Unfolding the Mystery of the Zipf’s Law

The world is a very complex place. It has very complex events. Yet, no matter how complex those events are, an interesting phenomenon called the Zipf’s law happens sometimes within your data. Zipf’s law states that in many situations, the size of objects/units is inversely proportional to a power Pm (Pm > 0) of their ranking. It was named after George Kingsley Zipf (1902–1950) who was an American scientist in the fields of linguistics, mathematics, statistics, and philology. We do not yet fully understand the various processes that cause a Zipf distribution. Yet it has some very significant implications in predictive modeling. In this article, I will explore what the Zipft law is and why is it a very interesting process.

 

What is Zipf’s law?

One of the easiest ways to understand the principle behind the Zipf law is to apply it to the world of languages. Indeed, in the English vocabulary, the word “the” constitutes about 6% of everything we write and say. Interestingly, the word “of” constitutes 3% of what we say and write. It is half as much as the word “the”. The next word “and” will appear 1/3 as much as “the”, the next one “a” 1/4, and so on. 
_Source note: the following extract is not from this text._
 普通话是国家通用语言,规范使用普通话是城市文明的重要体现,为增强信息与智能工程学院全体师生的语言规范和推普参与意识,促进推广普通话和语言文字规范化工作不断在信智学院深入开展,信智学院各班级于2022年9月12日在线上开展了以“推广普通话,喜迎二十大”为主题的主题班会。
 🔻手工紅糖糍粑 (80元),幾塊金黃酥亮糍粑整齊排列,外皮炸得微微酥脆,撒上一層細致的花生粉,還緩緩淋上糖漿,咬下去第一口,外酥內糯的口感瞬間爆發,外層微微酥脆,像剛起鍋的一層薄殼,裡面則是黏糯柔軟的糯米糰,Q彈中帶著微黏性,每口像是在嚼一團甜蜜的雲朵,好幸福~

Using that logic, the word “data” (that is the 531 most common word) will appear 1/531, and “science” (957 most common word) 1/957, and so forth. And if we test the same thing on our essay so far, we realize that the same property somehow applies. (without a big accuracy, due to the shortness of this text). You can try it yourself on your text. These ratios for rare words will work assuming that you are using a sample large enough. So do not expect those exact ratios for rarer words on your 400 words essay.

We noticed that the first five most used words (“the”, “of”, “and”, “a”, “is”) almost follow Zipf’s law although the shortness of our text. Interestingly enough, all words in the English corpus follow this type of distribution. It is quite mystifying to see something as complex as languages follow such a simple rule. No matter how complex your text is, it will tend to fall under such a type of setting. 
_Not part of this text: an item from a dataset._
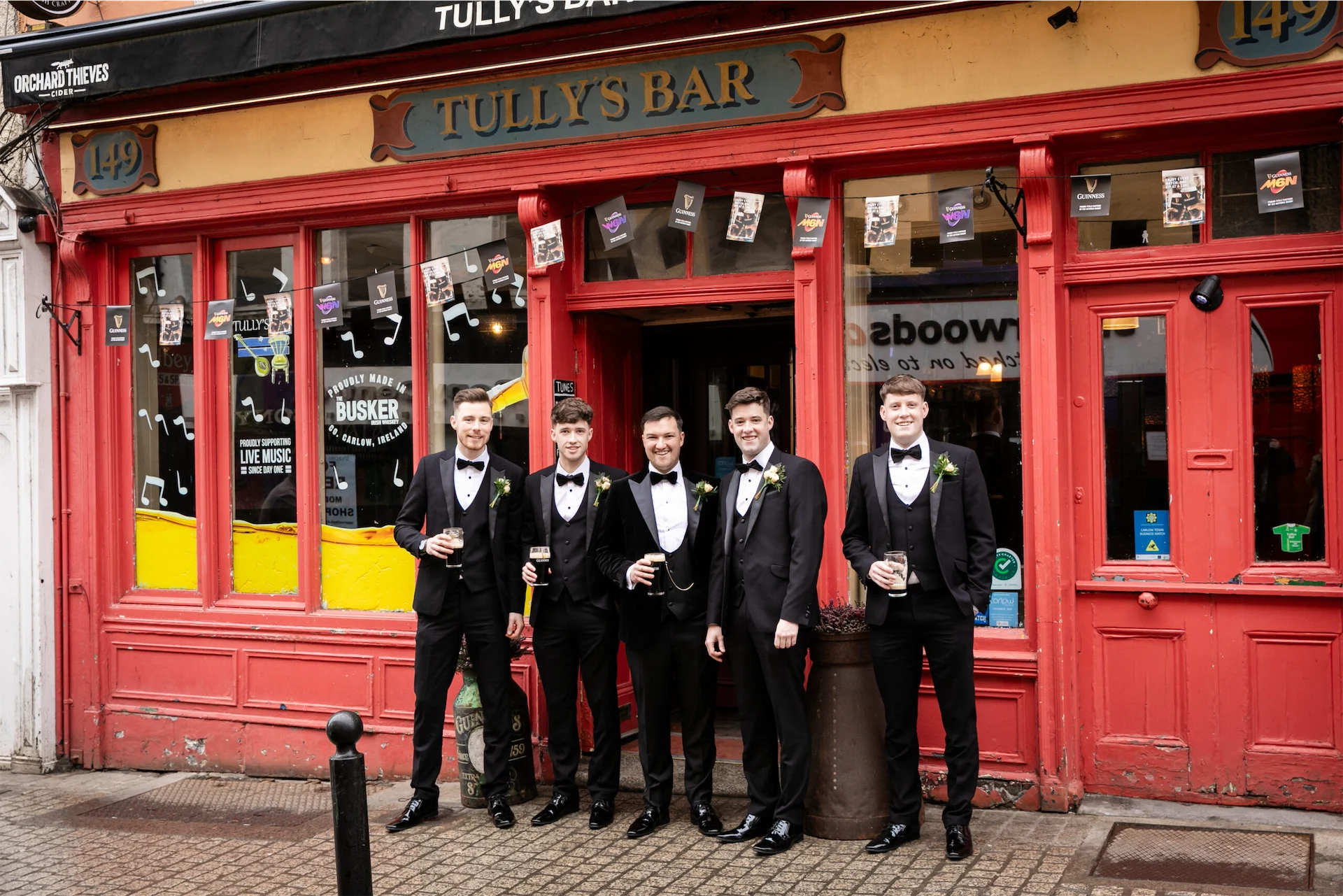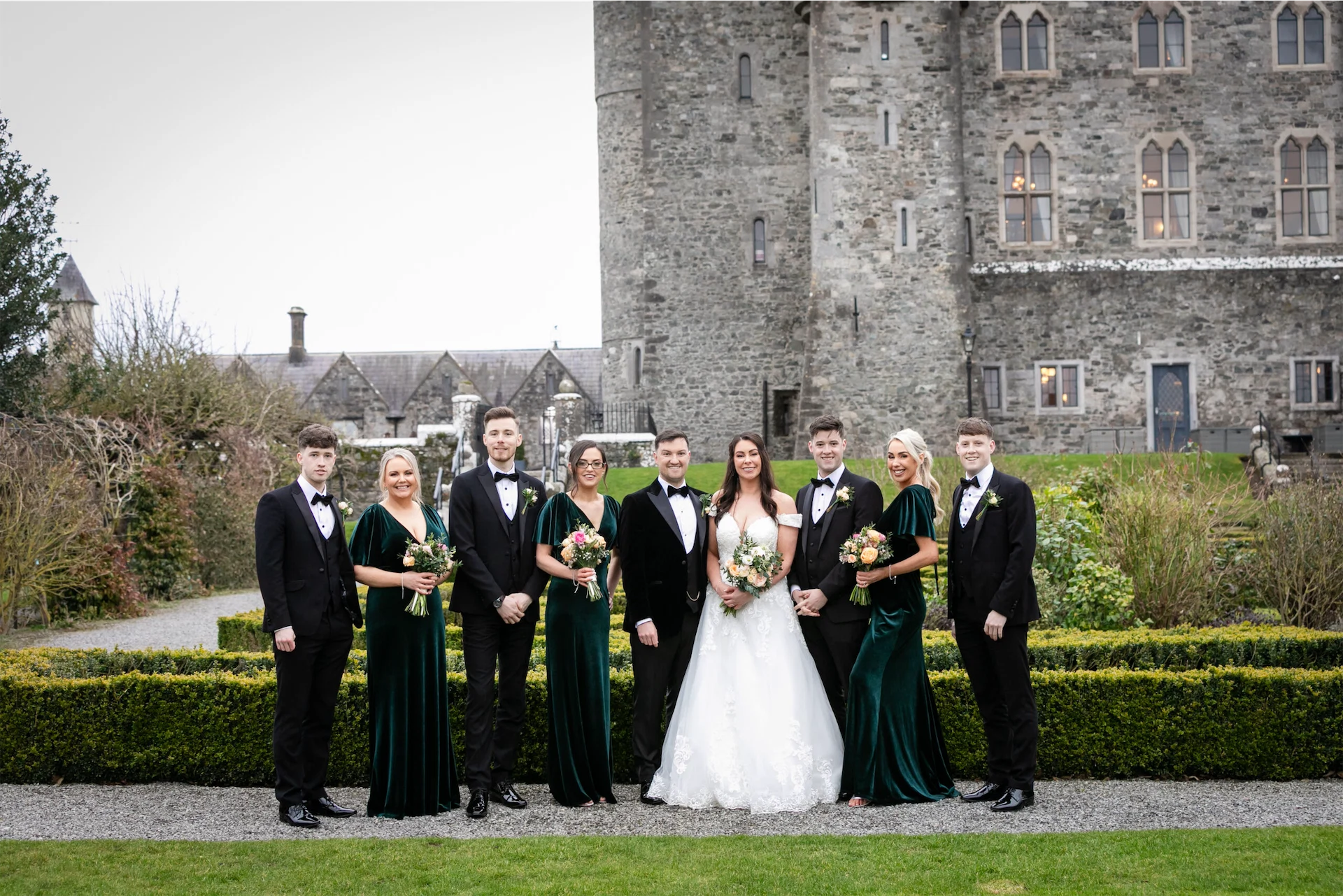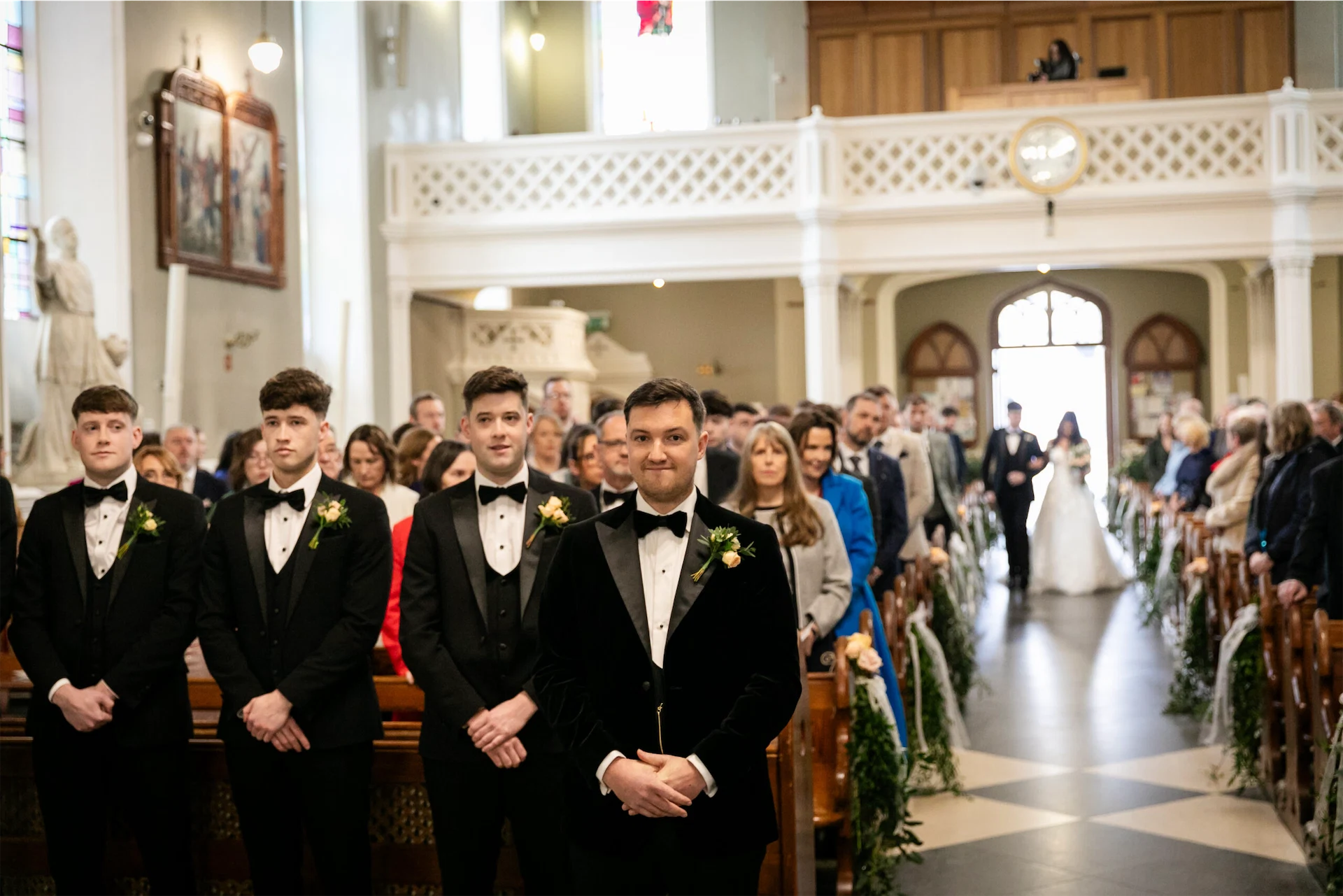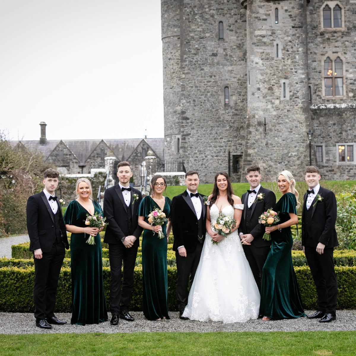 Wedding Dress: Essence of Australia from Jeutonic Bridal. Bride’s Earrings: Alan Dalton. Groom’s Tux: Louis Copeland. Bridesmaids’ Dresses: Sorella Vita. Groomsmen’s Tuxes: Mac’s Menswear. Flowers: Slieveardagh Blooms and Oasis Flowers. Make-up: Coco Rouge Make-up. Hair: Joanne Kelly O’Hara. Cake: Catherine McKeown. Transport: VW Weddings. Videographer: I Carry Your Heart Wedding. Content Creation: FOMO Media.

With the current grammar structure, it appears that this law is unavoidable and even the most well-written, beautiful, sound, or controversial writing will follow Zipf’s law. The Zipf distribution does not only apply to the English corpus. The Zipfian principle can be applied to French, Italian, German, Arabic, Swahili, etc. which makes this law universal. Moreover, it seems like nothing escapes this law. Even if one started mashing random stuff on their keyboard assuming that a word is separated by a space bar, given a sample large enough, we will end up having a Zipfian distribution.

 

How is the Zipft law applied in the real world?

The real-world applications of the Zipfian principle are just astonishing. Understanding the way the Zift law applies to languages can change the way we learn them.

Plotting the cumulative frequency of the top N words in a couple of languages brings an interesting observation. Looking at the plot, you only need to learn 500 words to understand about 75% of whatever people are saying. To understand 85% of what people are saying in a given language, you need to learn about 2000 words.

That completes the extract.